In [None]:
%matplotlib inline


# MicroTVM Host-Driven Example

**Author**: `Andrew Reusch <areusch@octoml.ai>`_

**Changes for Nucleo STM32L496ZG**: `Max Sponner`



TVMConf 2020

This tutorial walks you through the process of deploying a model on-device using microTVM.
We'll use a model adapted from ARM's pre-quantized [CIFAR10-CNN tutorial](https://github.com/ARM-software/ML-examples/tree/master/cmsisnn-cifar10/models) and run it on an ARM M-class microcontroller.

Importing the Model
-------------------

We'll use the utilties in the microtvm blogpost repo to import and load the model:



In [None]:
import os

import tvm
import tvm.relay

import micro_eval
from micro_eval import model

microtvm_blogpost_path = os.path.realpath(os.path.join(micro_eval.__file__, '..', '..', '..'))
config_path = os.path.join(microtvm_blogpost_path, 'data', 'cifar10-config-validate.json')
model_inst, _ = model.instantiate_from_spec(f'cifar10_cnn:micro_dev:{config_path}')

compiled_model = model_inst.build_model()

relay_model, params = compiled_model.ir_mod, compiled_model.params

Great! We now have a Relay model and accompanying parameters.

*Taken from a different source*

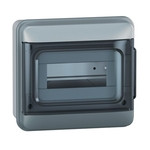 Legrand Feuchtraumverteiler Plexo S, Schutzart IP65 - IK07, 1-reihig, 8 Module, Abmessung 200 x 213 x 106 (Höhe x Breite x Tiefe in mm), selbstverlöschend 650 °C, mit N- und PE-Klemmen, Aufputzverteiler Schutzklasse II. Türen transparent, beidseitig anschlagbar. Nach IEC 60670-24, für den Bau von Installationsverteilern nach IEC 61439-3.
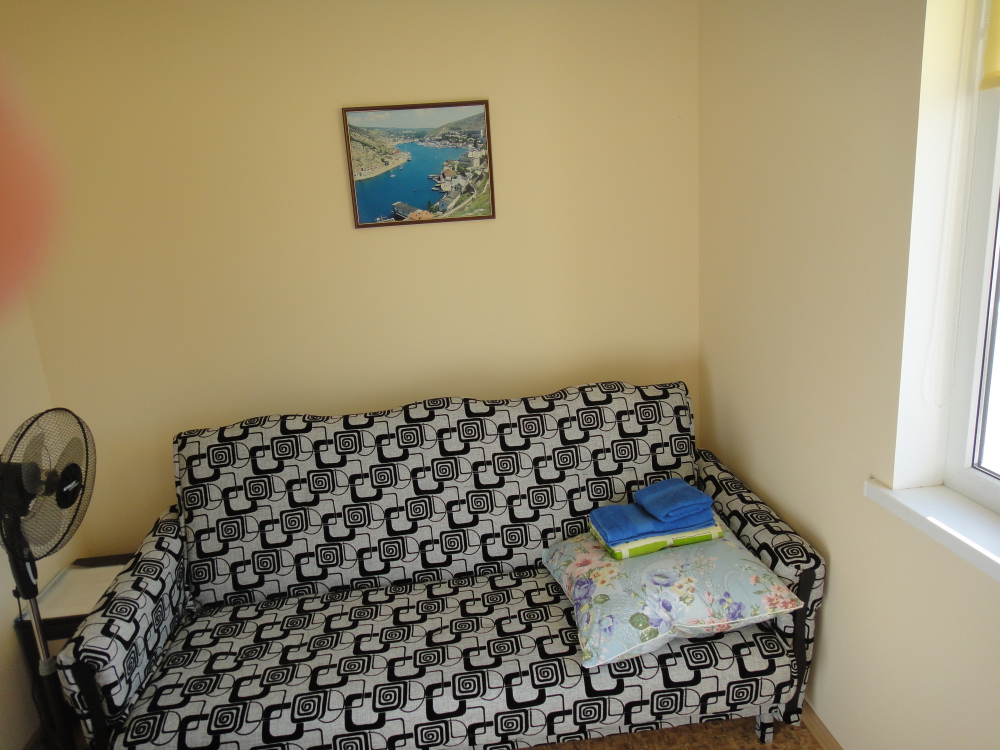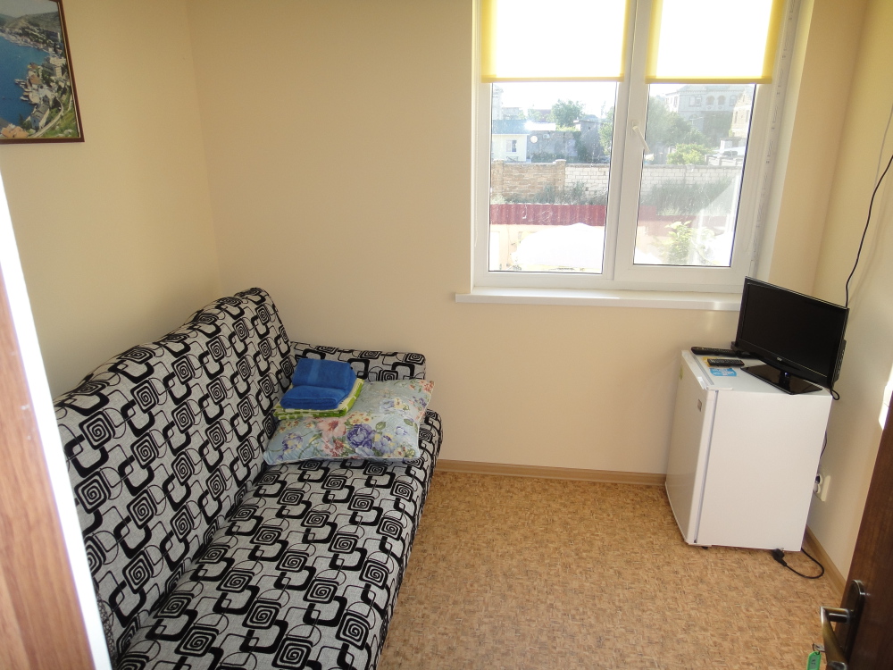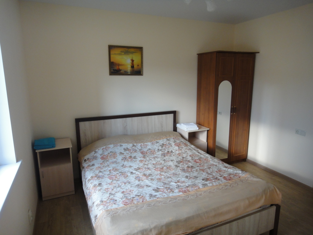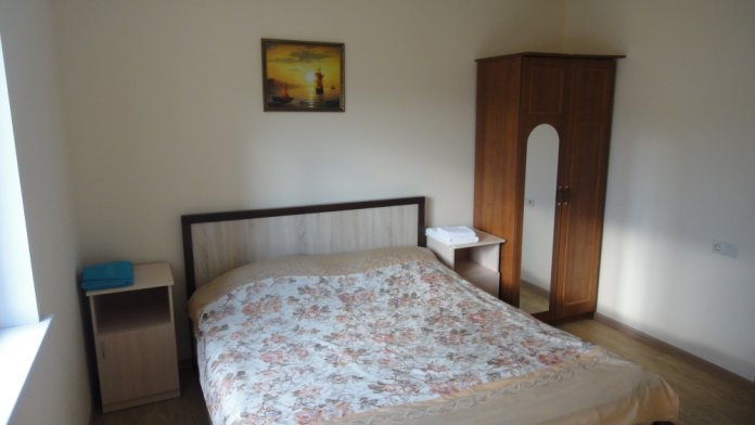 Номерной фонд представлен 1−2−3−4 местными, одно и двухкомнатными номерами. На втором и третьем этажах с балконов открывается живописный вид на море и озеро с лебедями.

Let's take a look:



In [None]:
print(relay_model)

And we now have some parameters:



In [None]:
print('Parameters')
for k, v in params.items():
  print(f' * {k}: {v.shape}')

Compiling the Model
-------------------

Let's now run the TVM compiler. This step will lower the model all the way through the TIR to C.
First, we need to define the target we will use with TVM:



In [None]:
TARGET = tvm.target.target.create('c -keys=arm_cpu -mcpu=cortex-m4 -link-params -model=stm32l496xx -runtime=c -system-lib=1')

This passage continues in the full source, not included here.